A new procedure of type randomforest.binary.train named <id> can be created as follows:

mldb.put("/v1/procedures/"+<id>, {
    "type": "randomforest.binary.train",
    "params": {
        "trainingData": <InputQuery>,
        "modelFileUrl": <Url>,
        "featureVectorSamplings": <int>,
        "featureVectorSamplingProp": <float>,
        "featureSamplings": <int>,
        "featureSamplingProp": <float>,
        "maxDepth": <int>,
        "functionName": <string>,
        "verbosity": <bool>,
        "runOnCreation": <bool>
    }
})

with the following key-value definitions for params:

Field, Type, DefaultDescription

trainingData
InputQuery

Specification of the data for input to the classifier procedure. The select expression must contain these two sub-expressions: one row expression to identify the features on which to train and one scalar expression to identify the label. The type of the label expression must be a boolean (0 or 1)Labels with a null value will have their row skipped. The select statement does not support groupby and having clauses. Also, unlike most select expressions, this one can only select whole columns, not expressions involving columns. So X will work, but not X + 1. If you need derived values in the select expression, create a dataset with the derived columns as a previous step and run the classifier over that dataset instead.

modelFileUrl
Url

URL where the model file (with extension '.cls') should be saved. This file can be loaded by the classifier function type.

featureVectorSamplings
int
5

Number of samplings of feature vectors. The total number of bags will be featureVectorSamplings*featureSamplings.

featureVectorSamplingProp
float
0.30000001192092896

Proportion of feature vectors to select in each sample.

featureSamplings
int
20

Number of samplings of features. The total number of bags will be featureVectorSamplings*featureSamplings.

featureSamplingProp
float
0.30000001192092896

Proportion of features to select in each sample.

maxDepth
int
20

Maximum depth of the trees

functionName
string

If specified, an instance of the classifier function type of this name will be created using the trained model.

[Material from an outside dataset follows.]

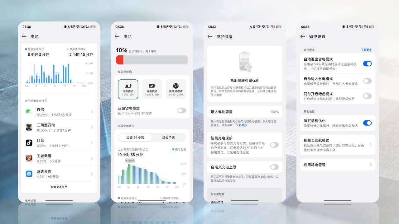 续航方面,一加Ace6T的8300mAh冰川电池堪称“续航怪兽”,依托新一代球形硅碳技术与X25硅碳负极,既提升容量又拉高能量密度,“出门不带充电宝”的宣传很实在。实测满电到剩10%撑了19小时:日常上班+下班游戏,亮屏8小时,微信(视频)、游戏、抖音是耗电主力。《三角洲行动》10%电能玩1.5小时,《王者荣耀》55分钟仅掉电9%,完全能实现“单位充电、下班畅玩”。建议开启智能充电保护、睡眠待机优化等功能,能进一步延长续航。

Note that to use this parameter, the modelFileUrl must also be provided.

verbosity
bool
false

Should the procedure be verbose for debugging and tuning purposes

runOnCreation
bool
true

If true, the procedure will be run immediately. The response will contain an extra field called firstRun pointing to the URL of the run.

Input data

This classification procedure will work most efficiently on datasets that have their data well-organized by column, such as the Tabular dataset.

This optimized version only support dense values, with all training samples containing no null values.

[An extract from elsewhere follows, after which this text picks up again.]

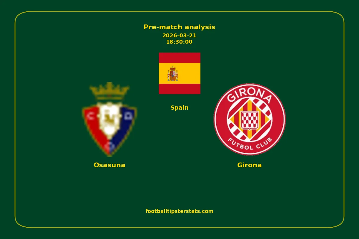 Analyzing the recent performance of Osasuna and Girona in Spain, we can derive insights that may inform future match predictions. By examining their individual game histories, head-to-head encounters, and overall trends, we can identify patterns that highlight strengths and weaknesses for both teams. This comprehensive review aims to provide a clearer understanding of their competitive dynamics and potential outcomes in upcoming fixtures.This pre-match analysis covers the upcoming fixture between Osasuna and Girona. Below you’ll find a detailed breakdown of both teams’ recent form, goal statistics, and head-to-head performance. These insights provide a clear picture of current momentum and can be valuable for match forecasting, tactical evaluation, or betting analysis. Please note that these suggestions are based on historical data and trends. While they provide valuable insights, actual match outcomes can be influenced by various unpredictable factors. Always consider multiple aspects before making any decisions based on these analyses.

It only supports binary classification. The generic classifier.train procedure supports regression and multi-class classification.

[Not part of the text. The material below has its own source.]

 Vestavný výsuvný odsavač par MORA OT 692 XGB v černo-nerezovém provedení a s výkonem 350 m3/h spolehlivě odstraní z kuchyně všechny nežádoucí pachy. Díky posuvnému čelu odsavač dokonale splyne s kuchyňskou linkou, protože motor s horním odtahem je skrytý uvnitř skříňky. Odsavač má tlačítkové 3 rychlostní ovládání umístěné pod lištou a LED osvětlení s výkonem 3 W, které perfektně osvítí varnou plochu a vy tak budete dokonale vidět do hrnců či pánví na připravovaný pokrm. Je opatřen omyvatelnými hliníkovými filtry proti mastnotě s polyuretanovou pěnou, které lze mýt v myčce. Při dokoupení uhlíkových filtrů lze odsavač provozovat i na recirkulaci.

Feature values can be numeric or strings. Strictly numeric features will be considered as ordinal, while feature that contains only strings or a mix of strings and numeric values will be considered as nominal. Other value types (blobs, timestamps, intervals, etc) are not yet supported.

Output model

The resulting model is a .cls classifier model that is compatible with the classifier function and the classifier.test procedure.